Records provided:
= = = =

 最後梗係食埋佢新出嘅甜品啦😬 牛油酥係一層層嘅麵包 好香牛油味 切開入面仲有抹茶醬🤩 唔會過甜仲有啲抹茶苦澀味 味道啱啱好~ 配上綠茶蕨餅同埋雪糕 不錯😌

= = = =

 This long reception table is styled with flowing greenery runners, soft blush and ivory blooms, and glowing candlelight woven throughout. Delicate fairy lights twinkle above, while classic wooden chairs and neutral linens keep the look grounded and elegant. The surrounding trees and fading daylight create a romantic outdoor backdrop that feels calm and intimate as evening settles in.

= = = =

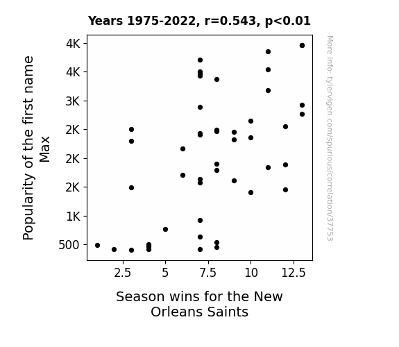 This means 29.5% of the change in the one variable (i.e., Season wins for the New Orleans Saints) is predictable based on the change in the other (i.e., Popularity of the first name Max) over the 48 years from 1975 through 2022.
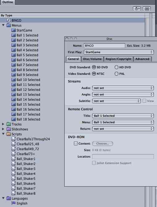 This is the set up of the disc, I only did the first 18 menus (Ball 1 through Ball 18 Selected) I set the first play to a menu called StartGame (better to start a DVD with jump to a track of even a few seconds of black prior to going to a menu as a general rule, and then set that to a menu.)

= = = =

What the task asks: Nothing but the lines above, starting at the line that contains "This means 29.5%" and ending at the line that contains "This is the", should be given again, exactly and without the pictures.

Exercise output:
 This means 29.5% of the change in the one variable (i.e., Season wins for the New Orleans Saints) is predictable based on the change in the other (i.e., Popularity of the first name Max) over the 48 years from 1975 through 2022.
 This is the set up of the disc, I only did the first 18 menus (Ball 1 through Ball 18 Selected) I set the first play to a menu called StartGame (better to start a DVD with jump to a track of even a few seconds of black prior to going to a menu as a general rule, and then set that to a menu.)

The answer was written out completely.